Parameter-Efficient Fine-Tuning for Pre-Trained Vision Models: A Survey

Yi Xin,Siqi Luo,Haodi Zhou,Junlong Du,Xiaohong Liu,Yue Fan,Qing Li,Yuntao Du
2024-02-08
Abstract:Large-scale pre-trained vision models (PVMs) have shown great potential for adaptability across various downstream vision tasks. However, with state-of-the-art PVMs growing to billions or even trillions of parameters, the standard full fine-tuning paradigm is becoming unsustainable due to high computational and storage demands. In response, researchers are exploring parameter-efficient fine-tuning (PEFT), which seeks to exceed the performance of full fine-tuning with minimal parameter modifications. This survey provides a comprehensive overview and future directions for visual PEFT, offering a systematic review of the latest advancements. First, we provide a formal definition of PEFT and discuss model pre-training methods. We then categorize existing methods into three categories: addition-based, partial-based, and unified-based. Finally, we introduce the commonly used datasets and applications and suggest potential future research challenges. A comprehensive collection of resources is available at
Computer Vision and Pattern Recognition,Machine Learning
What problem does this paper attempt to address?

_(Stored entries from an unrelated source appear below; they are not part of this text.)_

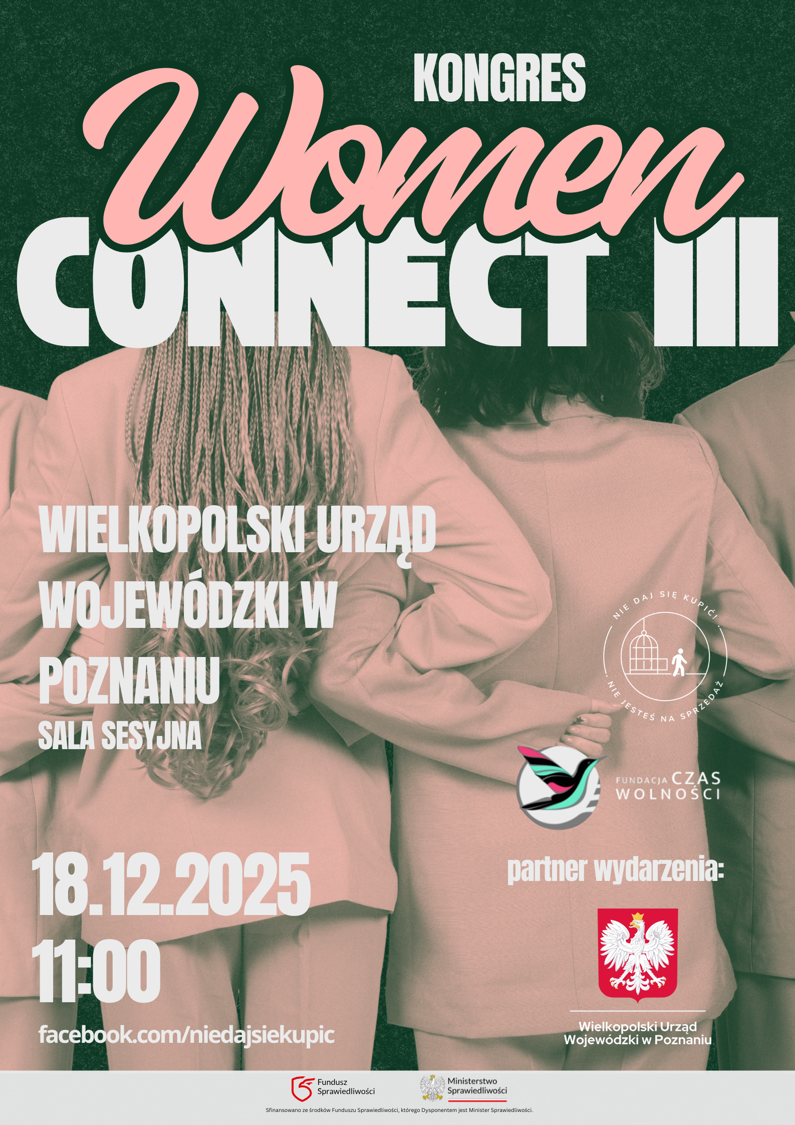 Zapraszamy 18 grudnia 2025 roku w godzinach 10.00–14.00. Aby wziąć udział w Kongresie należy wypełnić formularz zgłoszeniowy: https://www.poznan.uw.gov.pl/kongres-kobiet-women-connect-iii
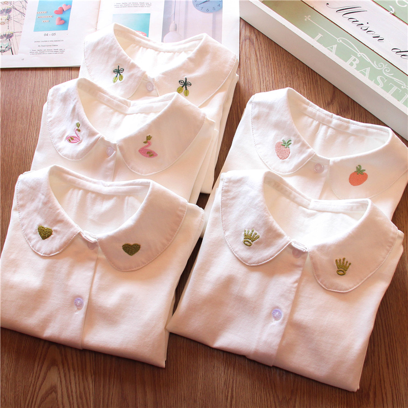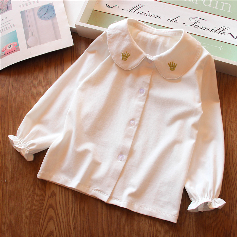 儿童纯棉打底衫日系娃娃领刺绣白色衬衫女童宝宝春秋百搭开衫上衣
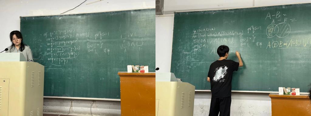本次辅导两位同学充分准备,结合考试实际,为同学讲解重点难点、常见题型,针对同学们在考试中经常犯的错误和普遍问题进行集中讲解,并且尤其强调离散数学学习切莫死记硬背,要注重数学思维的培养并且要养成善于总结做题方法的习惯。在整个辅导过程中,同学们认真听讲,积极互动,教室里学习氛围浓厚。
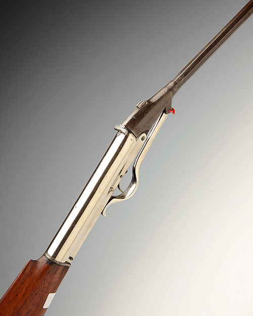 A SCARCE .177 BREAK-BARREL COMBINATION RIMFIRE AIR-RIFLE, UNSIGNED, MODEL 'GEM', no visible serial number, circa 1900, permanently converted to .177 air only, with fixed 18 1/2in. rifled barrel insert, octagonal barrel, re-nickel-plated air-chamber, walnut butt-stock and cocking link forming the trigger-guard (cocking link pin missing)
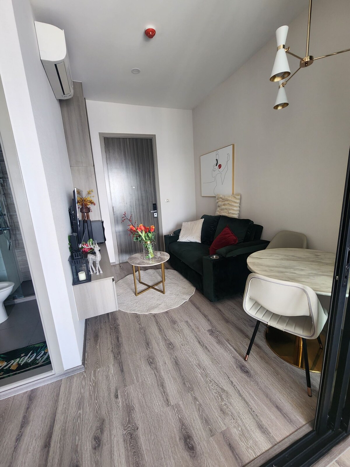 Votre retraite élégante au cœur d'Onnut ! Cet appartement entièrement meublé d'une chambre offre confort et commodité — parfait pour les voyageurs en solo, les couples ou les nomades numériques qui aiment la vie moderne dans le quartier animé de Bangkok. Un 📍 emplacement privilégié * 🚶♂️ À seulement 4 minutes à pied de la gare BTS Onnut * 🛍️ À côté du supermarché Lotus, du Century Mall et du 7-Eleven * 🍜 Entouré de cafés, de nourriture de rue, de restaurants et d'un cinéma * Accès facile à Sukhumvit Road, Ekkamai et Thonglor
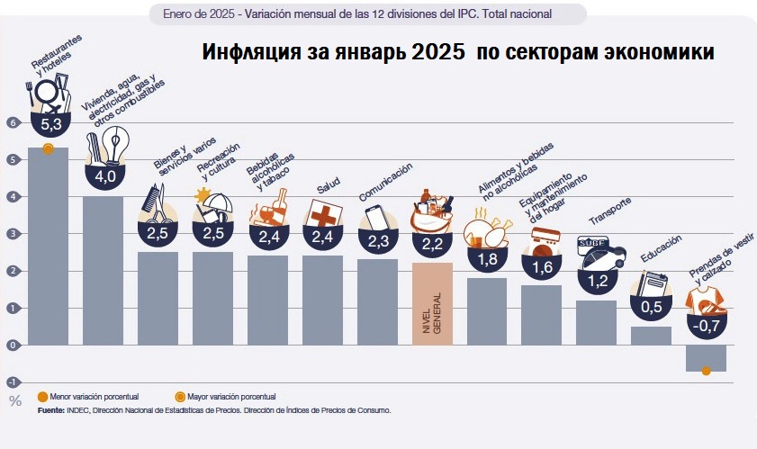 На уровне категорий регулируемые цены (2,6%) возглавили рост, за ними следует базовый ИПЦ (2,4%), а сезонные цены выросли на 0,6%, — пояснили в Indec.
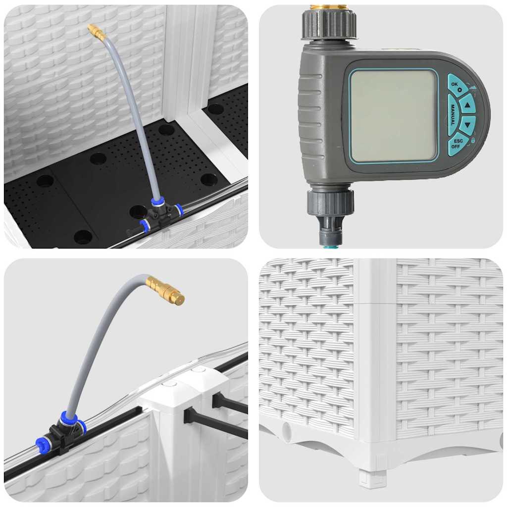 Υλικό Κατασκευής: Η γλάστρα κήπου είναι κατασκευασμένη από ατσάλι ανθεκτικό στις UV, εξασφαλίζοντας αντοχή και αντίσταση σε καιρικές μεταβολές. Αυτή η επιλογή υλικού προσφέρει στιβαρή προστασία, αντέχοντας στην σκληρή έκθεση στον ήλιο και τις εποχιακές αλλαγές, διατηρώντας τα φυτά σας να ανθούν καθόλη τη διάρκεια του χρόνου χωρίς να διακυβεύεται η δομική ακεραιότητα της γλάστρας.,Ενσωματωμένο Σύστημα Άρδευσης: Εξοπλισμένη με ένα προηγμένο σύστημα άρδευσης, αυτή η γλάστρα κήπου απομακρύνει την αβεβαιότητα του ποτίσματος. Χρησιμοποιώντας ενσωματωμένα κανάλια, διανέμει αποτελεσματικά το νερό απευθείας στις ρίζες των φυτών, διασφαλίζοντας ότι λαμβάνουν επαρκή υγρασία ενώ μειώνει την σπατάλη νερού και υποστηρίζει υγιέστερη ανάπτυξη.,Μοντέρνος Σχεδιασμός: Προβάλλοντας ένα κομψό υφαντό σχέδιο, η απλή κομψότητα αυτής της γλάστρας ευθυγραμμίζεται με την σύγχρονη αισθητική. Η μη ανακλαστική ματ φινίρισμα προσθέτει μια εκλεπτυσμένη πινελιά, επιτρέποντάς της να ενσωματωθεί ομαλά σε διάφορες εξωτερικές ρυθμίσεις, ενώ ενσωματώνει τον σύγχρονο στυλ με τις καθαρές, διακριτικές γραμμές της.,Πολυμορφική Χρήση: Ιδανική για τοποθέτηση σε εξωτερικό χώρο, αυτή η γλάστρα εξυπηρετεί τόσο διακοσμητικούς όσο και πρακτικούς σκοπούς. Ο ευρύχωρος εσωτερικός της χώρος φιλοξενεί διάφορα φυτικά είδη, από πλούσιες φτέρες μέχρι ζωντανά λουλούδια, κάνοντάς την κατάλληλη για εποχιακές μεταβάσεις ή για χρήση καθ' όλη τη διάρκεια του έτους, προσφέροντας μια κορυφαία φυτευτική εμπειρία για χόμπι και έμπειρους κηπουρούς.,Φροντίδα & Συντήρηση: Για να διατηρηθεί η άψογη εμφάνισή της, τοποθετήστε αυτή τη γλάστρα σε μια σταθερή τοποθεσία και αποφύγετε την έκθεση σε άμεσο ηλιακό φως για παρατεταμένες περιόδους. Καθαρίζετε τακτικά με ένα στεγνό πανί, διασφαλίζοντας ασφαλείς συνδέσεις κατά τη διάρκεια της συναρμολόγησης για την εγγύηση σταθερότητας και αισθητικής αξίας over time.- Χρώμα: Λευκό
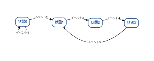 状態遷移には、ある状態から別の状態に遷移する場合もあれば、ある状態から元の状態に戻る自遷移もあります。図表1を例にすると、状態0からイベント2によって状態1に遷移するのは前者、状態0からイベント1によって状態0に戻るのは後者に該当します。
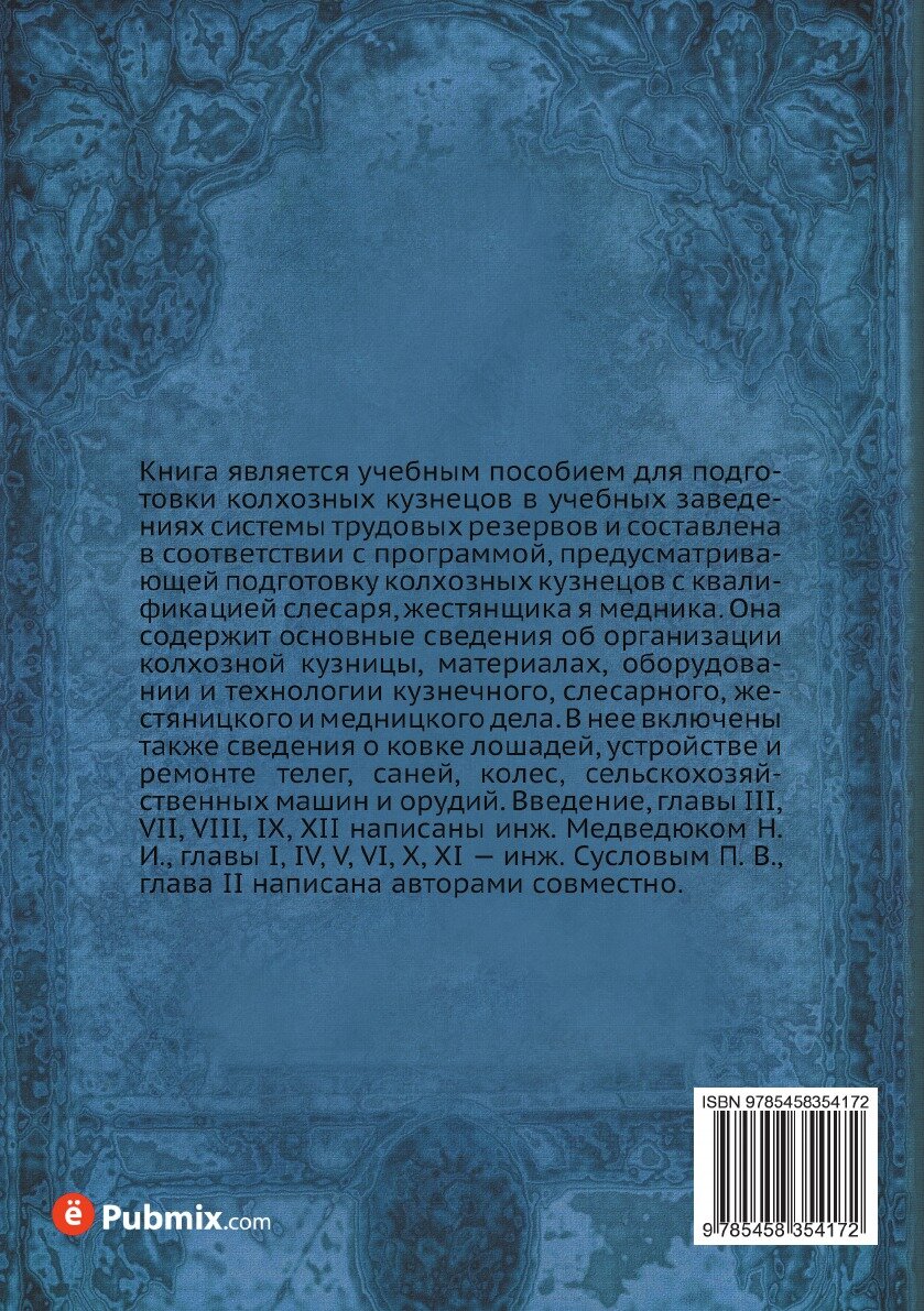Книга является учебным пособием для подготовки колхозных кузнецов в учебных заведениях системы трудовых резервов и составлена в соответствии с программой, предусматривающей подготовку колхозных кузнецов с квалификацией слесаря, жестянщика я медника. Она содержит основные сведения об организации колхозной кузницы, материалах, оборудовании и технологии кузнечного, слесарного, жестяницкого и медницкого дела. В нее включены также сведения о ковке лошадей, устройстве и ремонте телег, саней, колес, сельскохозяйственных машин и орудий. Введение, главы III, VII, VIII, IX, XII написаны инж. Медведюком Н. И., главы I, IV, V, VI, X, XI — инж. Сусловым П. В., глава II написана авторами совместно.
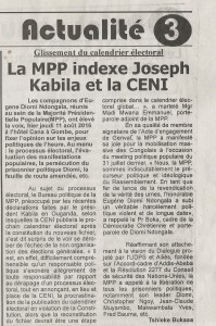 GLISSEMENT DU CALENDRIER ELECTORAL: LA MPP INDEXE JOSEPH KABILA ET LA CENI / LE PHARE DU 12/08/16
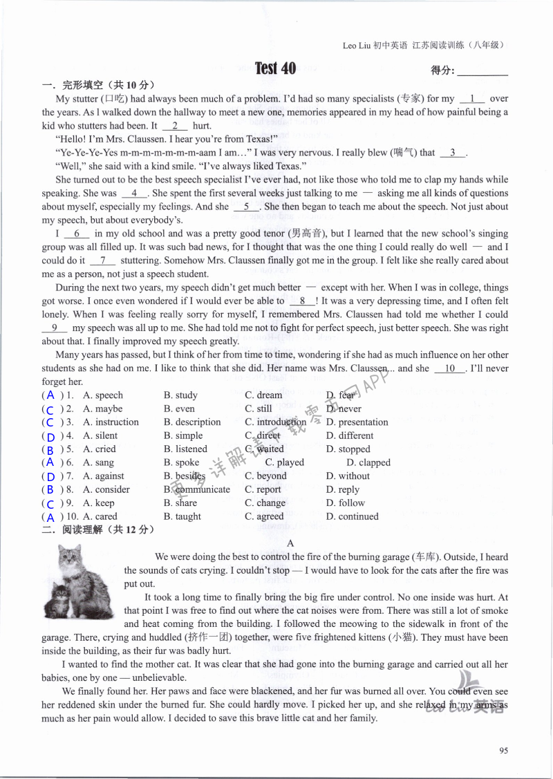 注:目前有些书本章节名称可能整理的还不是很完善,但都是按照顺序排列的,请同学们按照顺序仔细查找。练习册 2021年LeoLiu初中英语八年级听力训练阅读训练 答案主要是用来给同学们做完题方便对答案用的,请勿直接抄袭。
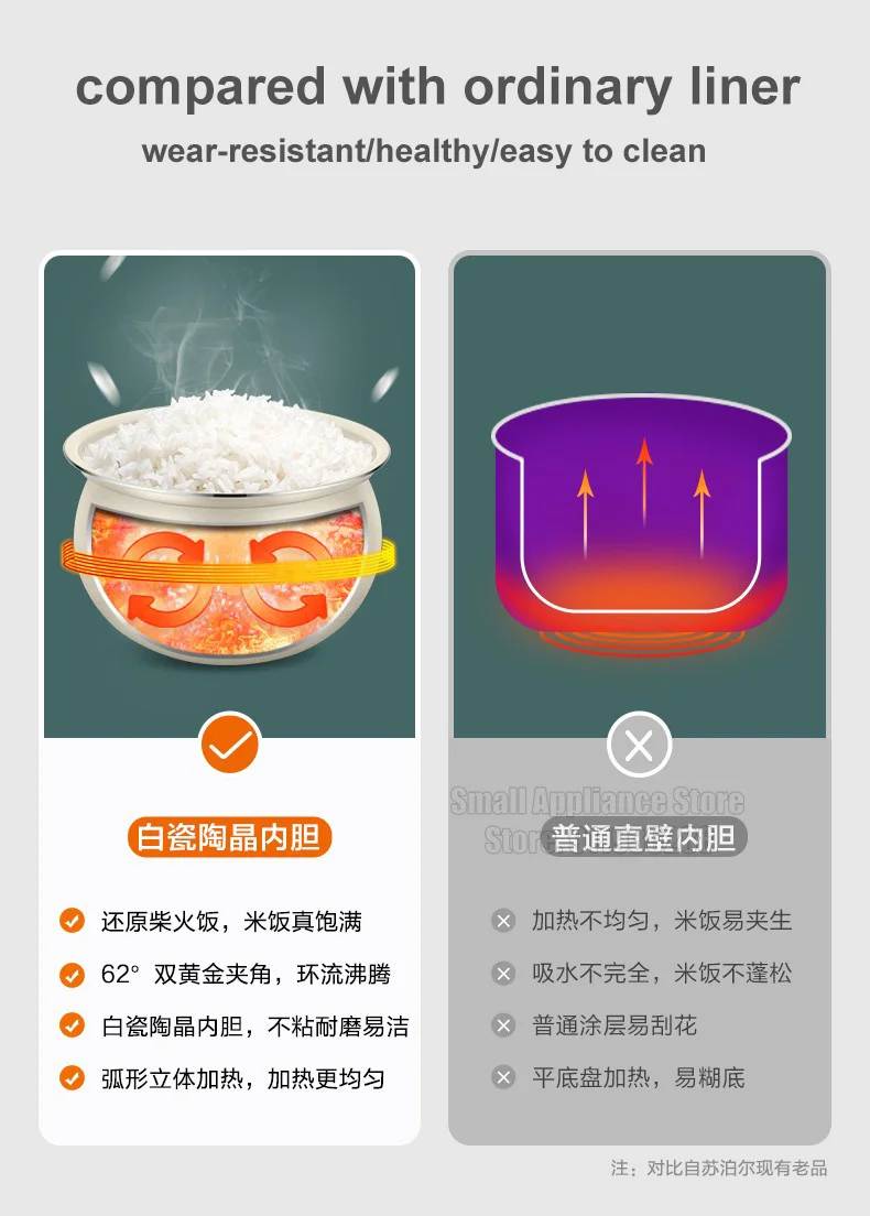 ●2.3L capacity, can cook 6 bowls of rice at a time, suitable for 1-4 people
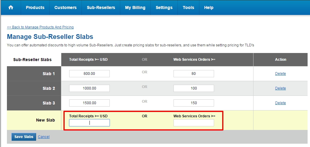 You may set Pricing Slabs depending upon the Total Receipts of your Sub-Resellers or the number of Web Services (Email Hosting + Windows Web Hosting + Linux Web Hosting + Website Builder) Orders purchased by your Sub-Resellers. The Selling Price to each Sub-Reseller is determined at the time of purchase depending upon the Total Receipts, the number of Web Services (Email Hosting + Windows Web Hosting + Linux Web Hosting + Website Builder) Orders, your Slab Pricing and the Sub-Resellers' Specific Pricing.
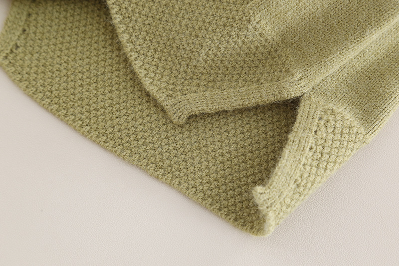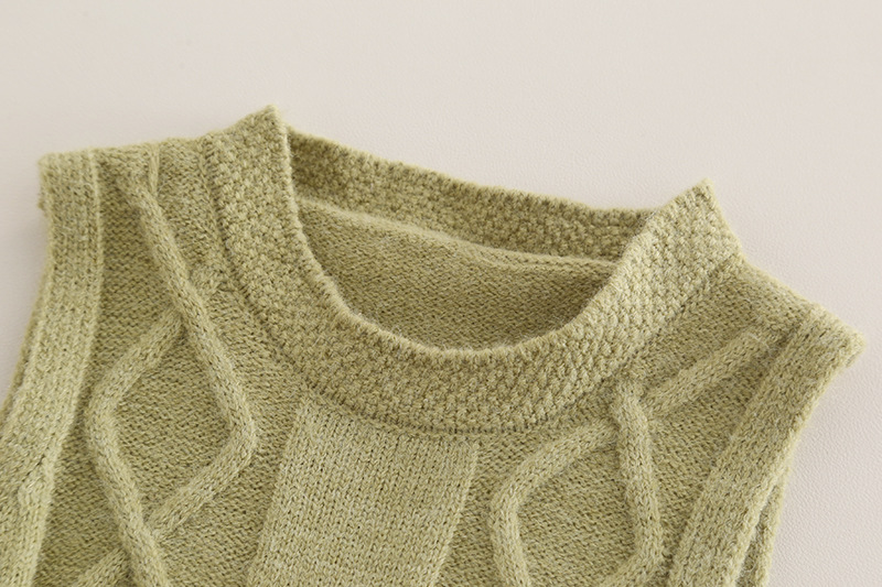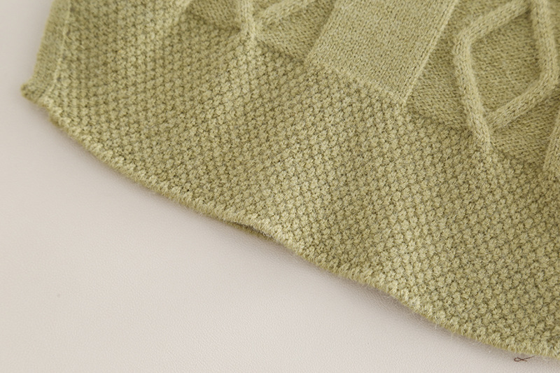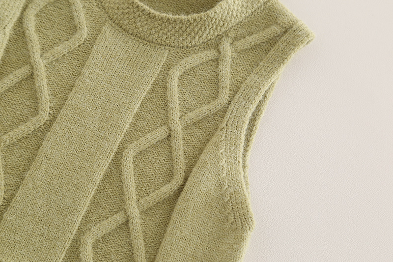– Елек от плетиво в пастелно зелено, с елегантна текстура на ромбоидни плитки и леко скосен подгъв. Изработен от фино плетиво – чудесен за връхна дреха през пролетта и есента.

The paper primarily explores Parameter-Efficient Fine-Tuning (PEFT) methods for Pre-Trained Vision Models (PVMs) and provides a comprehensive overview and future research directions. With the development of large-scale pre-trained vision models, these models have demonstrated strong performance in various downstream computer vision tasks. However, due to their massive parameter sizes (reaching billions or even trillions), traditional full-model fine-tuning methods face high computational and storage demands, making them unsustainable. To address this challenge, researchers have proposed parameter-efficient fine-tuning methods, which achieve comparable or even better performance than full-model fine-tuning by updating only a minimal portion of the parameters. These methods leverage the strong generalization capabilities of large pre-trained models trained on rich data, assuming that most parameters can be shared in new tasks without significant modifications. The specific contributions of the paper are as follows: 1. **Definition and Classification**: First, a formal definition of parameter-efficient fine-tuning is provided, and model pre-training methods are discussed. Then, existing methods are classified into three categories: Addition-based Tuning, Partial-based Tuning, and Unified-based Tuning. 2. **Method Overview**: - **Addition-based Tuning**: Includes Adapter Tuning, Prompt Tuning, Prefix Tuning, and Side Tuning. These methods learn task-specific information by adding additional trainable modules or parameters to the original model. - **Partial-based Tuning**: Includes Specification Tuning and Reparameter Tuning. These methods focus on updating a small portion of the inherent parameters of the model while keeping most parameters unchanged. - **Unified-based Tuning**: Proposes a unified framework that integrates different fine-tuning methods into a coordinated architecture to improve overall efficiency and effectiveness. 3. **Application Introduction**: Introduces application cases of PEFT methods in real-world scenarios. 4. **Future Challenges**: Points out potential challenges and research directions in the PEFT field. Through this paper, the authors aim to provide a systematic review and the latest progress overview of PEFT methods in the vision field to promote the development of this area.